#### [What is expected]
Please return every line of the material verbatim and skip any images.

#### [Dataset section]
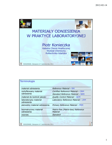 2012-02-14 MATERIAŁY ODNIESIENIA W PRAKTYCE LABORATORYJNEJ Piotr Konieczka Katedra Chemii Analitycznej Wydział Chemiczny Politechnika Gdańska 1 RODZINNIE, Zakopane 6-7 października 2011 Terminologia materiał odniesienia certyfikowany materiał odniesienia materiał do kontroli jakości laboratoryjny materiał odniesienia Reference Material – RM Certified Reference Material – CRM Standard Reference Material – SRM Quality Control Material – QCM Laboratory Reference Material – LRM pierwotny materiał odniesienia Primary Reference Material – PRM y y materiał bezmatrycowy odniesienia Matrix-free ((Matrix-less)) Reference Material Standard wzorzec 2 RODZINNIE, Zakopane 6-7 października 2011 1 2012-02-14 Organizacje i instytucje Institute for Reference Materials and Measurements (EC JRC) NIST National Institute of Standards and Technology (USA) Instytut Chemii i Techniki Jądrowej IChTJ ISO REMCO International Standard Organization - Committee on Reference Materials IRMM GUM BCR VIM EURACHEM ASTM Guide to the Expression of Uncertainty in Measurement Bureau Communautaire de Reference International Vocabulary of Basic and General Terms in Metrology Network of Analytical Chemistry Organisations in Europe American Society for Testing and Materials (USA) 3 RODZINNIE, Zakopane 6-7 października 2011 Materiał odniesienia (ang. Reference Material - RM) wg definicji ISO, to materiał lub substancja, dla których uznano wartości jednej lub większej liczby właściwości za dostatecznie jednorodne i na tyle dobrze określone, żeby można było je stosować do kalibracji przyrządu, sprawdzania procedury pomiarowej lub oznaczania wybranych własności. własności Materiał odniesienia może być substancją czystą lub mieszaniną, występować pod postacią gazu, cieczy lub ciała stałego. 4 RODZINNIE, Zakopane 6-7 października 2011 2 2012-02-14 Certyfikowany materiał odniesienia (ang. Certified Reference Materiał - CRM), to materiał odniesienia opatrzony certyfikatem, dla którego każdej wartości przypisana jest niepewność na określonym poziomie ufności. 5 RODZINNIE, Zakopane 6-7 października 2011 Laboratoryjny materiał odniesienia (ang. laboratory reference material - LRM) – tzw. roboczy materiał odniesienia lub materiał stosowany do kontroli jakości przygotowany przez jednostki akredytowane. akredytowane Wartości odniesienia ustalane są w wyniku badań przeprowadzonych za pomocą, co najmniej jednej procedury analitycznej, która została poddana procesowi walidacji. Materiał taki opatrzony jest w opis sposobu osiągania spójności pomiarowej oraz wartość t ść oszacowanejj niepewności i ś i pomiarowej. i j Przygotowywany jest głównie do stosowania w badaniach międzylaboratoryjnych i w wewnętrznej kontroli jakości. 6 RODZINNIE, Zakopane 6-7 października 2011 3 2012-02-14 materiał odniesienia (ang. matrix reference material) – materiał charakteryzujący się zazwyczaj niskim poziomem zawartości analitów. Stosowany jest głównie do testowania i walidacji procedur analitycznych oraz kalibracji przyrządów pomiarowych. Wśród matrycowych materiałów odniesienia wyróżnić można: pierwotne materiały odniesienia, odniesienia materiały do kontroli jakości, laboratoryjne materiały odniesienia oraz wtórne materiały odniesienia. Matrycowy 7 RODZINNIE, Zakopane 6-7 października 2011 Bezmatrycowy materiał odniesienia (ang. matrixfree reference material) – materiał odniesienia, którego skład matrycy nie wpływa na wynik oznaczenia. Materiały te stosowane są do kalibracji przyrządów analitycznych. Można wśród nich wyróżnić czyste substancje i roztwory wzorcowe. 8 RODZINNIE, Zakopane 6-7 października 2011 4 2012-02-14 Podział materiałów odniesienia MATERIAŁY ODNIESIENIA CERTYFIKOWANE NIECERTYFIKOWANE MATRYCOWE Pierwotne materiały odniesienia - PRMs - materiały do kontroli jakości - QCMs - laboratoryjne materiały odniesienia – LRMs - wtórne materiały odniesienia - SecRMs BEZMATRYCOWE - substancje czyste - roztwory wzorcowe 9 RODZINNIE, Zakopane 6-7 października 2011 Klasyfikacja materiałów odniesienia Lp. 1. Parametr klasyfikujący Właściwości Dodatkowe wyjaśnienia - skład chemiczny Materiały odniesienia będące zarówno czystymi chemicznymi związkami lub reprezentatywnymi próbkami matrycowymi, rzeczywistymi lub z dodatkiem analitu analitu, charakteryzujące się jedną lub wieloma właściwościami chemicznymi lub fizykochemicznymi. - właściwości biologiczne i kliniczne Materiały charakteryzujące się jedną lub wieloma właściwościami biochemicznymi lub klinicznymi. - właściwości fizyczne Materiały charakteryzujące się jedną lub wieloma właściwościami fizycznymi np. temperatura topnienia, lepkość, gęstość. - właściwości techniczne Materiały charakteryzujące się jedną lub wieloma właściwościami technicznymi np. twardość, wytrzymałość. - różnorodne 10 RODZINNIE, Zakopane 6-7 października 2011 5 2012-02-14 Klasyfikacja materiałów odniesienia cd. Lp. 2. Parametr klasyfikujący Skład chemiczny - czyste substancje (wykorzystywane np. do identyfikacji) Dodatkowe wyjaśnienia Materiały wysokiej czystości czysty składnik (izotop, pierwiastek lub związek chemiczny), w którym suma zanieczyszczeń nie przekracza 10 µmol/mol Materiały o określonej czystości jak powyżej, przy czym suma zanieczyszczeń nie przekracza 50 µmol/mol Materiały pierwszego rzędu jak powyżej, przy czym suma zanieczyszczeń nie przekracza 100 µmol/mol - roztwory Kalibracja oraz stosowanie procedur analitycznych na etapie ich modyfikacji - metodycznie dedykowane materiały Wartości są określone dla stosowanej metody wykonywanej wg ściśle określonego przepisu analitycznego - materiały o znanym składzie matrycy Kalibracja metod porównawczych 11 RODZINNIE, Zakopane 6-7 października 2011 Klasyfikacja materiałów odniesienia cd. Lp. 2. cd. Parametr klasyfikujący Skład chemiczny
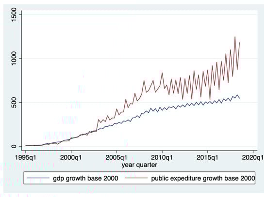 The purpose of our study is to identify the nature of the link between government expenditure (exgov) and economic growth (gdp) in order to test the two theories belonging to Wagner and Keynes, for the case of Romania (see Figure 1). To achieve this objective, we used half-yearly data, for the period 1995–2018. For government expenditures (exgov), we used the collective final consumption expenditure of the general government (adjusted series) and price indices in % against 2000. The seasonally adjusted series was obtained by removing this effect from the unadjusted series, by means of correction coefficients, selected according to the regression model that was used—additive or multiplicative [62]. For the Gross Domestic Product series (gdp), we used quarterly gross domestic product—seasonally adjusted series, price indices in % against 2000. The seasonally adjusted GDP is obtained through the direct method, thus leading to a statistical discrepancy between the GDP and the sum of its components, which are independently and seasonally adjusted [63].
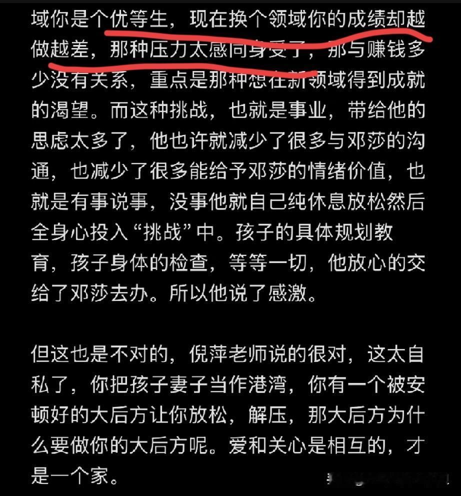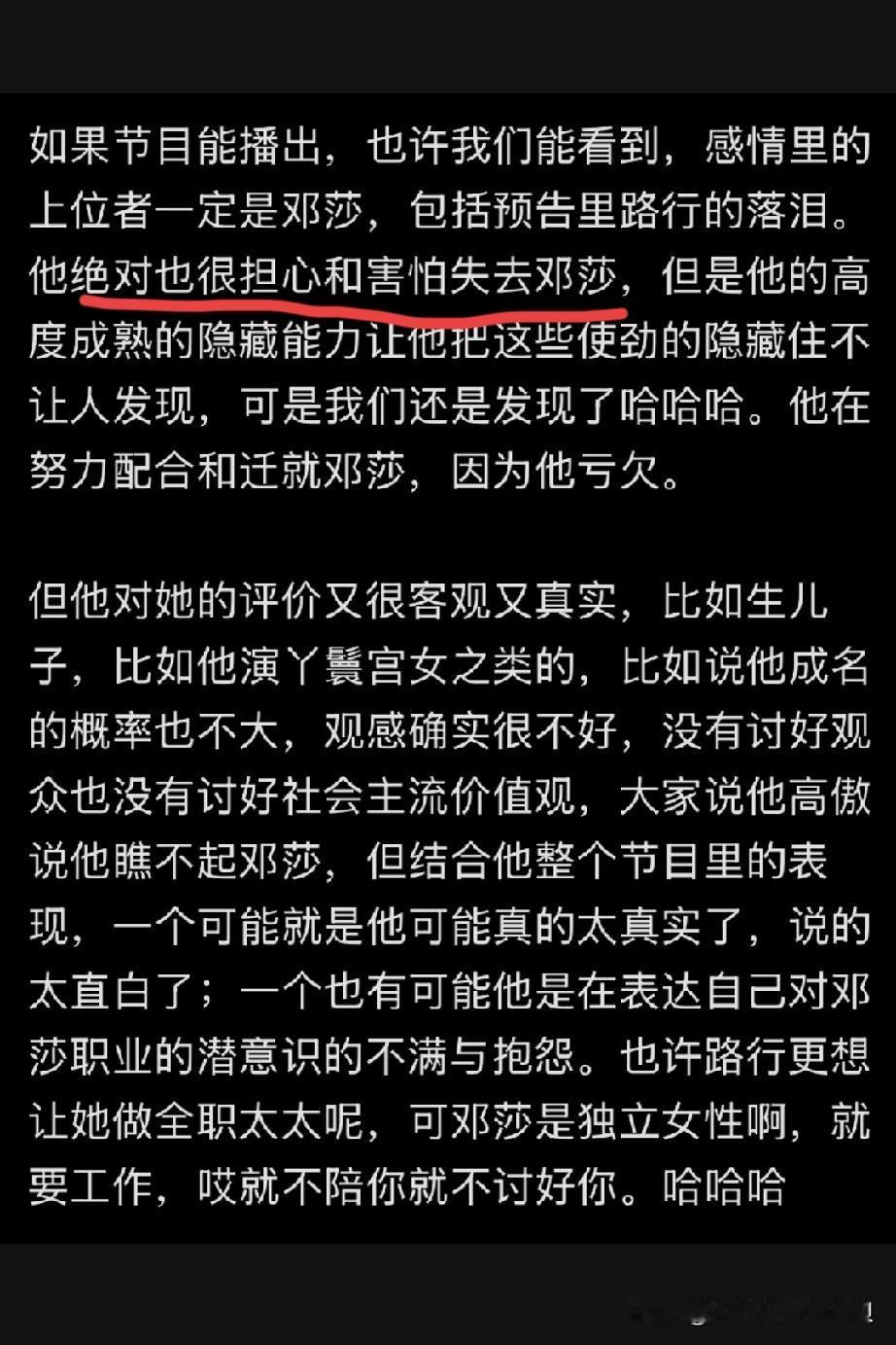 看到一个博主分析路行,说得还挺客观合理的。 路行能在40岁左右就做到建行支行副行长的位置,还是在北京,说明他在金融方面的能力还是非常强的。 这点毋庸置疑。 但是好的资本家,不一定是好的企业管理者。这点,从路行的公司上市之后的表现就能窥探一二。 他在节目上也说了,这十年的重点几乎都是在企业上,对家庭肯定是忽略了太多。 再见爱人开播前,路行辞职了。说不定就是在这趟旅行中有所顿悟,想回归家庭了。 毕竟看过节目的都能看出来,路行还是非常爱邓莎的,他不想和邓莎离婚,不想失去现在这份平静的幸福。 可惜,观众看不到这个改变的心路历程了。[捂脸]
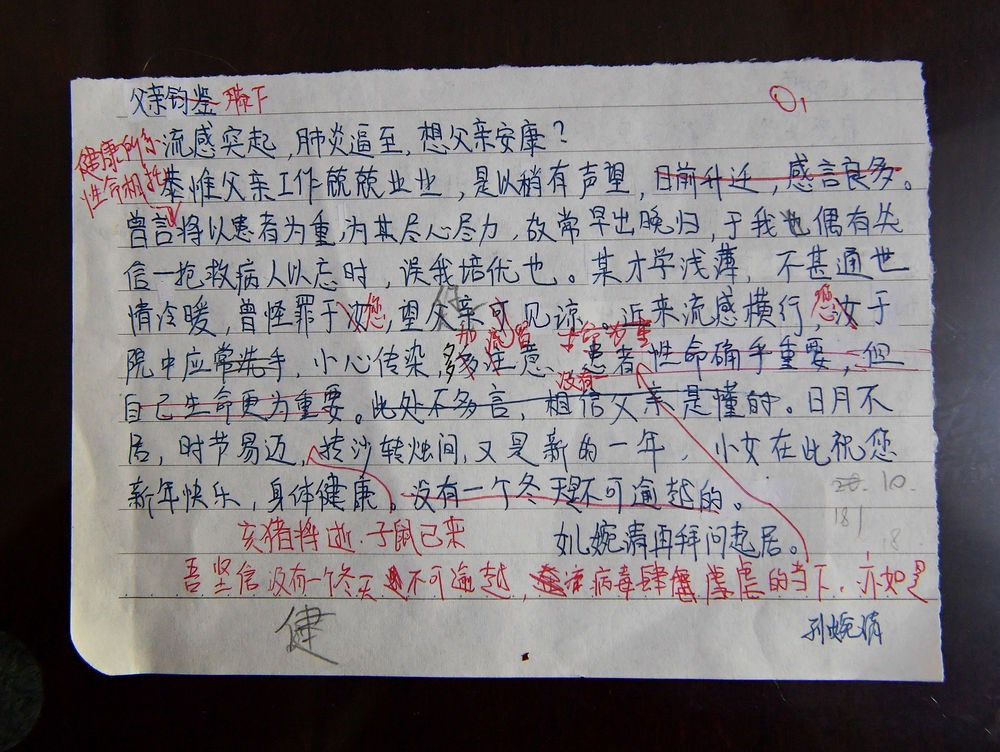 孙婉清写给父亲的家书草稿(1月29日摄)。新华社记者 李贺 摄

#### [Answer to the exercise]
 2012-02-14 MATERIAŁY ODNIESIENIA W PRAKTYCE LABORATORYJNEJ Piotr Konieczka Katedra Chemii Analitycznej Wydział Chemiczny Politechnika Gdańska 1 RODZINNIE, Zakopane 6-7 października 2011 Terminologia materiał odniesienia certyfikowany materiał odniesienia materiał do kontroli jakości laboratoryjny materiał odniesienia Reference Material – RM Certified Reference Material – CRM Standard Reference Material – SRM Quality Control Material – QCM Laboratory Reference Material – LRM pierwotny materiał odniesienia Primary Reference Material – PRM y y materiał bezmatrycowy odniesienia Matrix-free ((Matrix-less)) Reference Material Standard wzorzec 2 RODZINNIE, Zakopane 6-7 października 2011 1 2012-02-14 Organizacje i instytucje Institute for Reference Materials and Measurements (EC JRC) NIST National Institute of Standards and Technology (USA) Instytut Chemii i Techniki Jądrowej IChTJ ISO REMCO International Standard Organization - Committee on Reference Materials IRMM GUM BCR VIM EURACHEM ASTM Guide to the Expression of Uncertainty in Measurement Bureau Communautaire de Reference International Vocabulary of Basic and General Terms in Metrology Network of Analytical Chemistry Organisations in Europe American Society for Testing and Materials (USA) 3 RODZINNIE, Zakopane 6-7 października 2011 Materiał odniesienia (ang. Reference Material - RM) wg definicji ISO, to materiał lub substancja, dla których uznano wartości jednej lub większej liczby właściwości za dostatecznie jednorodne i na tyle dobrze określone, żeby można było je stosować do kalibracji przyrządu, sprawdzania procedury pomiarowej lub oznaczania wybranych własności. własności Materiał odniesienia może być substancją czystą lub mieszaniną, występować pod postacią gazu, cieczy lub ciała stałego. 4 RODZINNIE, Zakopane 6-7 października 2011 2 2012-02-14 Certyfikowany materiał odniesienia (ang. Certified Reference Materiał - CRM), to materiał odniesienia opatrzony certyfikatem, dla którego każdej wartości przypisana jest niepewność na określonym poziomie ufności. 5 RODZINNIE, Zakopane 6-7 października 2011 Laboratoryjny materiał odniesienia (ang. laboratory reference material - LRM) – tzw. roboczy materiał odniesienia lub materiał stosowany do kontroli jakości przygotowany przez jednostki akredytowane. akredytowane Wartości odniesienia ustalane są w wyniku badań przeprowadzonych za pomocą, co najmniej jednej procedury analitycznej, która została poddana procesowi walidacji. Materiał taki opatrzony jest w opis sposobu osiągania spójności pomiarowej oraz wartość t ść oszacowanejj niepewności i ś i pomiarowej. i j Przygotowywany jest głównie do stosowania w badaniach międzylaboratoryjnych i w wewnętrznej kontroli jakości. 6 RODZINNIE, Zakopane 6-7 października 2011 3 2012-02-14 materiał odniesienia (ang. matrix reference material) – materiał charakteryzujący się zazwyczaj niskim poziomem zawartości analitów. Stosowany jest głównie do testowania i walidacji procedur analitycznych oraz kalibracji przyrządów pomiarowych. Wśród matrycowych materiałów odniesienia wyróżnić można: pierwotne materiały odniesienia, odniesienia materiały do kontroli jakości, laboratoryjne materiały odniesienia oraz wtórne materiały odniesienia. Matrycowy 7 RODZINNIE, Zakopane 6-7 października 2011 Bezmatrycowy materiał odniesienia (ang. matrixfree reference material) – materiał odniesienia, którego skład matrycy nie wpływa na wynik oznaczenia. Materiały te stosowane są do kalibracji przyrządów analitycznych. Można wśród nich wyróżnić czyste substancje i roztwory wzorcowe. 8 RODZINNIE, Zakopane 6-7 października 2011 4 2012-02-14 Podział materiałów odniesienia MATERIAŁY ODNIESIENIA CERTYFIKOWANE NIECERTYFIKOWANE MATRYCOWE Pierwotne materiały odniesienia - PRMs - materiały do kontroli jakości - QCMs - laboratoryjne materiały odniesienia – LRMs - wtórne materiały odniesienia - SecRMs BEZMATRYCOWE - substancje czyste - roztwory wzorcowe 9 RODZINNIE, Zakopane 6-7 października 2011 Klasyfikacja materiałów odniesienia Lp. 1. Parametr klasyfikujący Właściwości Dodatkowe wyjaśnienia - skład chemiczny Materiały odniesienia będące zarówno czystymi chemicznymi związkami lub reprezentatywnymi próbkami matrycowymi, rzeczywistymi lub z dodatkiem analitu analitu, charakteryzujące się jedną lub wieloma właściwościami chemicznymi lub fizykochemicznymi. - właściwości biologiczne i kliniczne Materiały charakteryzujące się jedną lub wieloma właściwościami biochemicznymi lub klinicznymi. - właściwości fizyczne Materiały charakteryzujące się jedną lub wieloma właściwościami fizycznymi np. temperatura topnienia, lepkość, gęstość. - właściwości techniczne Materiały charakteryzujące się jedną lub wieloma właściwościami technicznymi np. twardość, wytrzymałość. - różnorodne 10 RODZINNIE, Zakopane 6-7 października 2011 5 2012-02-14 Klasyfikacja materiałów odniesienia cd. Lp. 2. Parametr klasyfikujący Skład chemiczny - czyste substancje (wykorzystywane np. do identyfikacji) Dodatkowe wyjaśnienia Materiały wysokiej czystości czysty składnik (izotop, pierwiastek lub związek chemiczny), w którym suma zanieczyszczeń nie przekracza 10 µmol/mol Materiały o określonej czystości jak powyżej, przy czym suma zanieczyszczeń nie przekracza 50 µmol/mol Materiały pierwszego rzędu jak powyżej, przy czym suma zanieczyszczeń nie przekracza 100 µmol/mol - roztwory Kalibracja oraz stosowanie procedur analitycznych na etapie ich modyfikacji - metodycznie dedykowane materiały Wartości są określone dla stosowanej metody wykonywanej wg ściśle określonego przepisu analitycznego - materiały o znanym składzie matrycy Kalibracja metod porównawczych 11 RODZINNIE, Zakopane 6-7 października 2011 Klasyfikacja materiałów odniesienia cd. Lp. 2. cd. Parametr klasyfikujący Skład chemiczny
 The purpose of our study is to identify the nature of the link between government expenditure (exgov) and economic growth (gdp) in order to test the two theories belonging to Wagner and Keynes, for the case of Romania (see Figure 1). To achieve this objective, we used half-yearly data, for the period 1995–2018. For government expenditures (exgov), we used the collective final consumption expenditure of the general government (adjusted series) and price indices in % against 2000. The seasonally adjusted series was obtained by removing this effect from the unadjusted series, by means of correction coefficients, selected according to the regression model that was used—additive or multiplicative [62]. For the Gross Domestic Product series (gdp), we used quarterly gross domestic product—seasonally adjusted series, price indices in % against 2000. The seasonally adjusted GDP is obtained through the direct method, thus leading to a statistical discrepancy between the GDP and the sum of its components, which are independently and seasonally adjusted [63].
 看到一个博主分析路行,说得还挺客观合理的。 路行能在40岁左右就做到建行支行副行长的位置,还是在北京,说明他在金融方面的能力还是非常强的。 这点毋庸置疑。 但是好的资本家,不一定是好的企业管理者。这点,从路行的公司上市之后的表现就能窥探一二。 他在节目上也说了,这十年的重点几乎都是在企业上,对家庭肯定是忽略了太多。 再见爱人开播前,路行辞职了。说不定就是在这趟旅行中有所顿悟,想回归家庭了。 毕竟看过节目的都能看出来,路行还是非常爱邓莎的,他不想和邓莎离婚,不想失去现在这份平静的幸福。 可惜,观众看不到这个改变的心路历程了。[捂脸]
 孙婉清写给父亲的家书草稿(1月29日摄)。新华社记者 李贺 摄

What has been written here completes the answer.